I think the general takeaway is no,

that means it’s not recovered.

And there are things, of course, like massage,

like fascial release, and things of that sort,

sauna, cold, that can perhaps accelerate

the movement from soreness to not sore.

But in general, the omega-3, vitamin D,

and magnesium malate trio seem to be an effective way

to reduce inflammation at kind of a systemic level.

But remember, you want inflammation

provided you’re not damaging the muscle so much

that you’re injured during the training session

because that’s the stimulus for change in those muscles.

I want to talk about a few other things

that support the process of nerve to muscle communication

and touch on some of the things

that a lot of people are doing

to try and quote-unquote enhance their workouts

and evaluate whether or not those are, in fact,

enhancing workouts or not.

Because weight training,

unlike a lot of other forms of exercise,

has a unique aspect to it,

which is this feature that I guess

some people call it the pump,

which is the fact that blood goes into the muscle

when you train.

It’s the only kind of training

where you actually get a window

into what the result might actually look like

before you actually accomplish that result.

So if you think about when you go out for a hard run

and let’s say you go out for a two-mile run,

let’s say your goal is to break,

you want to do a sub-10 two-mile.

Actually, when I went to university,

I was running cross-country my senior year of high school

and I wanted to walk on for the cross-country team.

And so I went out there

and it turned out you had to do a sub-10 two-mile.
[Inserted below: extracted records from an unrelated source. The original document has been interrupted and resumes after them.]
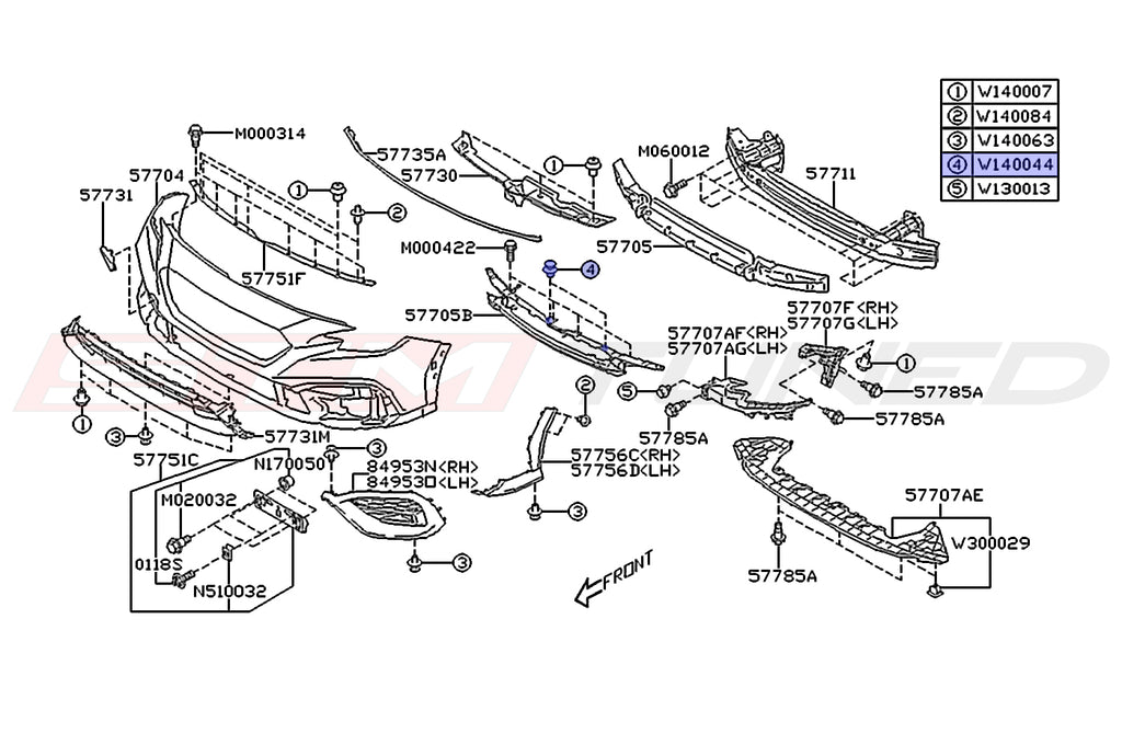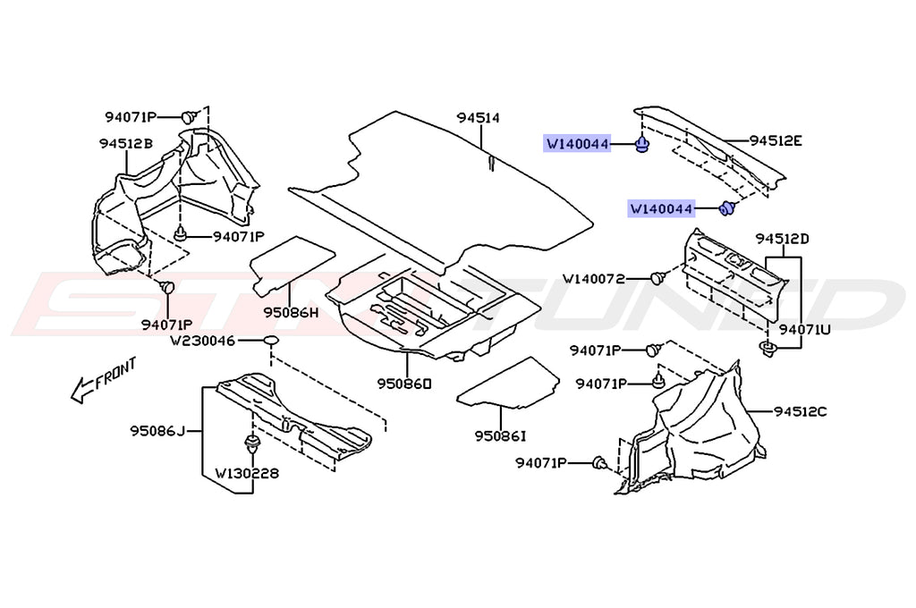 Genuine OEM Subaru trim clip for 2022+ VB WRX. The 2024 WRX diagrams are pictured for reference. Fits the front bumper upper metal brace, aka energy absorber plate and also the trunk lid carpet. Sold individually as needed, price is for one clip.
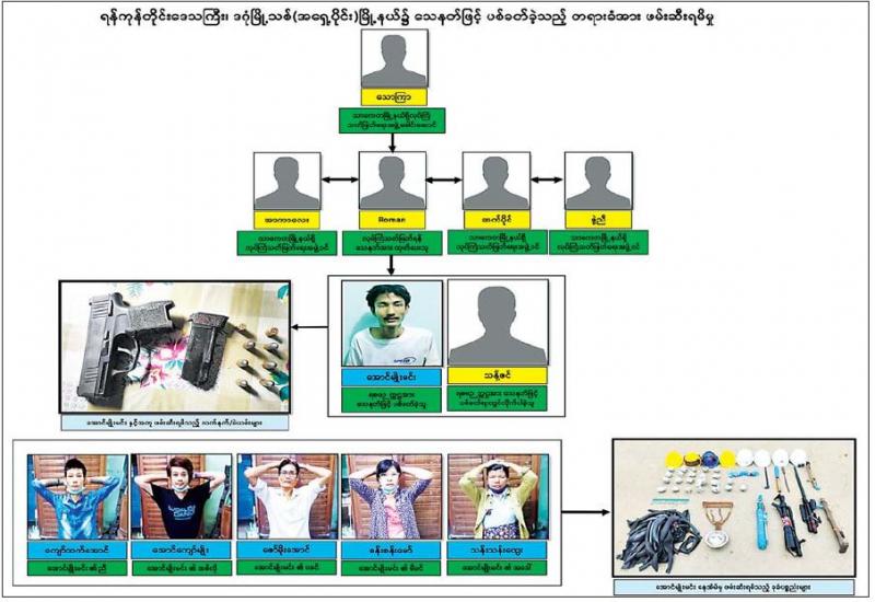 မြို့နယ်အချို့၌ အကြမ်းဖက်မှုလုပ်ရပ်များတွင် အသုံးပြုမည့် လက်နက်၊ ပစ္စည်း၊ ကိရိယာများနှင့် သိုဝှက်သိမ်းဆည်းထားရှိသူများအား ဆက်လက်ဖော်ထုတ် ဖမ်းဆီးရမိခဲ့ကြောင်း သိရသည်။
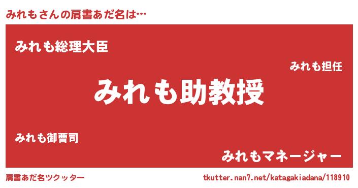 | ヒーロー風カッコイイあだ名 | 『愛の使者みれも』『ウルトラみれもマン』 |
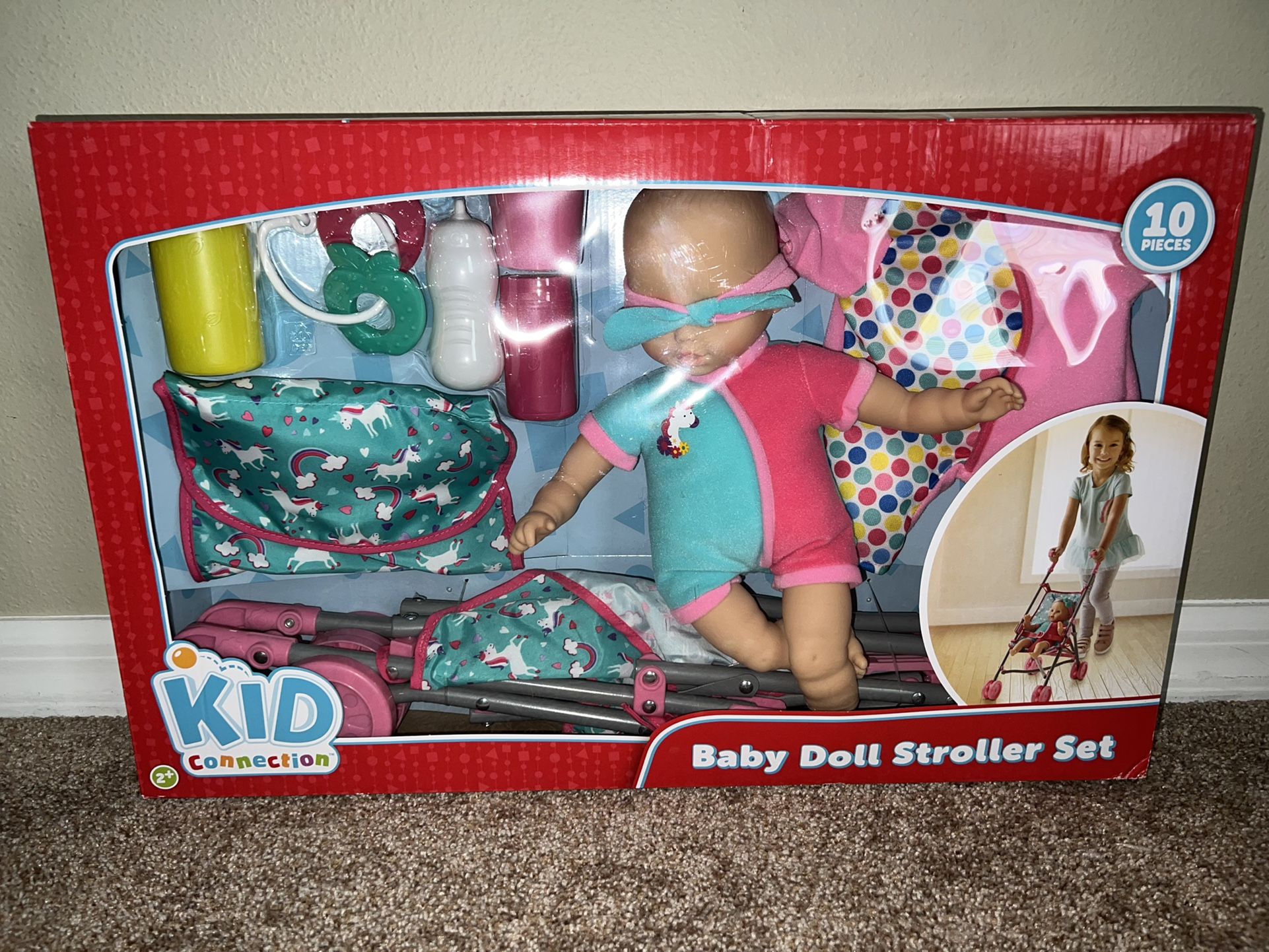 Kid connection baby doll with stroller set 10 pieces
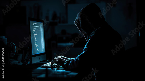 A darkened room where a single computer screen casts light on the silhouette of a person typing possibly wearing a hoodie symbolizing the persistent threat of cyber attacks and cybersecurity
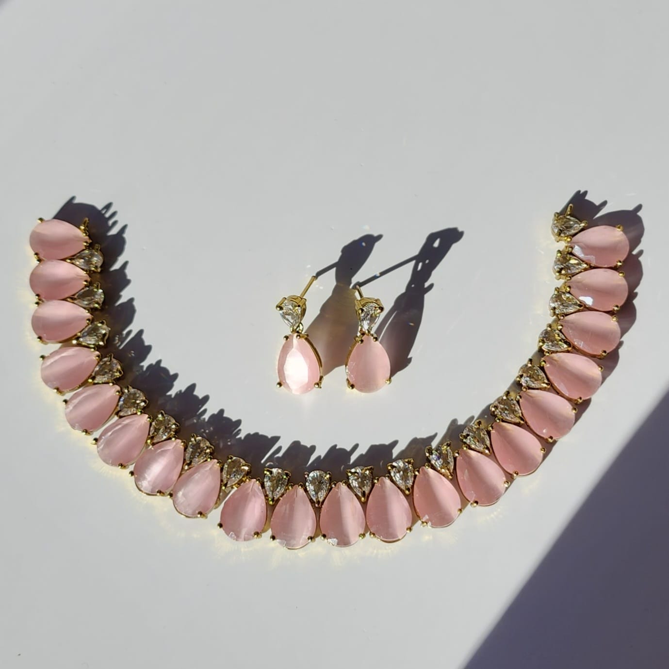 Designed to captivate, the necklace features a graceful arrangement of light pink teardrop stones, beautifully complemented by sparkling cubic zirconia (CZ) diamonds. The antique Victorian setting enhances the brilliance of each stone, giving the entire set a rich, heirloom-inspired look.
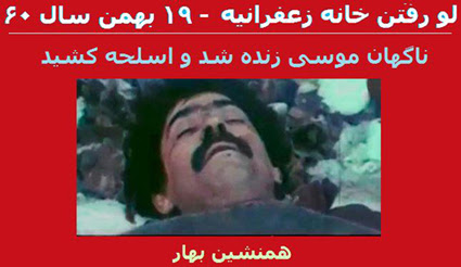 لو رفتن خانه زعفرانیه ۱۹ بهمن سال ۶۰ ناگهان موسی زنده شد و اسلحه کشید
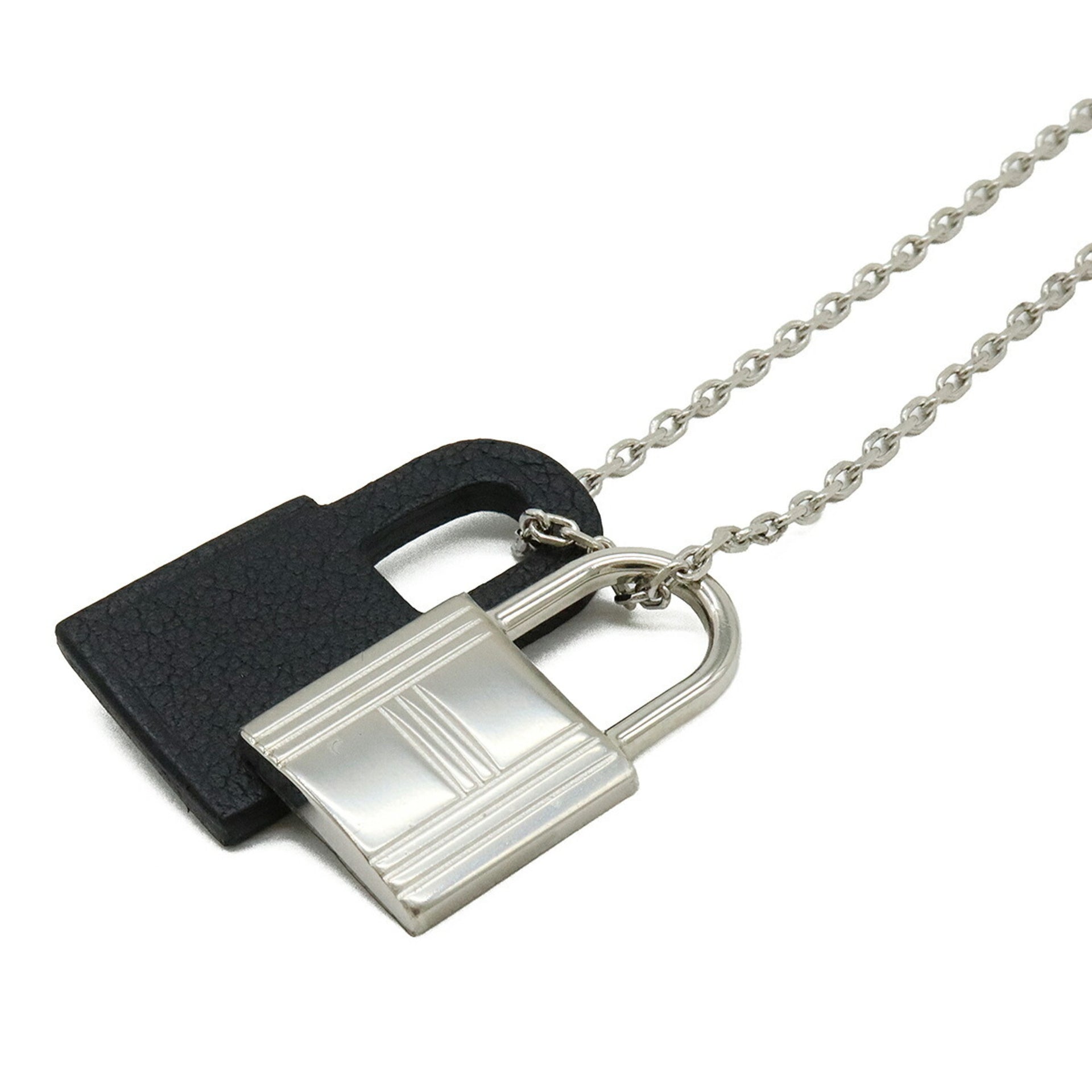 HERMES O\'Kelly PM Padlock Pendant Necklace Metal Leather Black D Engraved
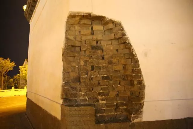 塔身底部曾在抗日戰(zhàn)期間被日寇飛機(jī)炸毀一角墻腳,維修仍然留著這塊“傷疤”,我想,是讓人們記住這段歷史。
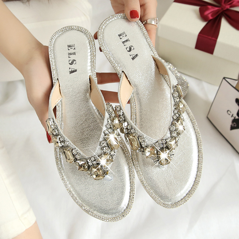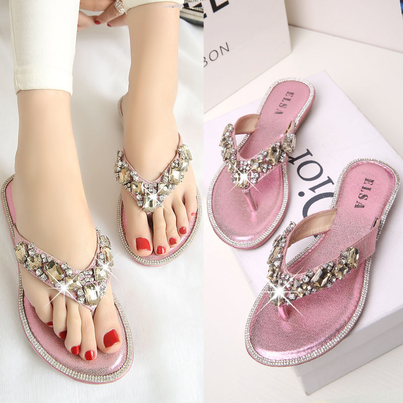 平底拖鞋夏季夾趾涼鞋新款人字平跟坡跟涼拖鞋學生水鉆女涼鞋

And I think the best mile I ever ran in high school

was a 457, which isn’t terrible.

I can’t do that now.

It’s not even close to what high school athletes,

the best high school athletes can do now.

But that would have meant doing it back-to-back.

So a sub-10 minute two-mile didn’t even come close.

I told Costello this story the other day

and he just kind of laughed at me.

He was like, why would you even want to run two miles?

Because Costello is built almost exclusively

of these type two fast twitch muscles.

They’re designed for moving objects.

He’s incredibly strong.

He has been since he was a puppy.

I mean, that dog could probably drag a tractor

if he wanted to, but he can’t really go far.

Whereas a greyhound or a whippet

or some of these other sight hounds or scent hounds

can go, go, go.

They have a higher percentage

of the so-called slow twitch muscle fibers.

They are much better at endurance.

So a sub-10 two-mile would have been very, very challenging.

No chance I could have done that, I don’t think,

even with a lot of training.

But let’s say that you want to improve your performance

in a given type of exercise.

Let’s talk about some of the things

that seem to work across the board

to improve strength, improve hypertrophy,

and improve nerve to muscle communication and performance.

The first thing that’s absolutely key

for nerve to muscle communication

and physical performance of any kind

might not sound that exciting to you,

but it is very exciting, and that’s salt.

Nerves, nerve cells, neurons, communicate with each other

and communicate with muscle by electricity.

But that electricity is generated by particular ions

moving into and out of the neuron.

And the rushing in of a particular ion, sodium, salt,

is what allows nerve cells to fire.

If you don’t have enough salt in your system,

your neurons and your brain

and your nerve to muscle communication will be terrible.

If you have sufficient salt, it will be excellent.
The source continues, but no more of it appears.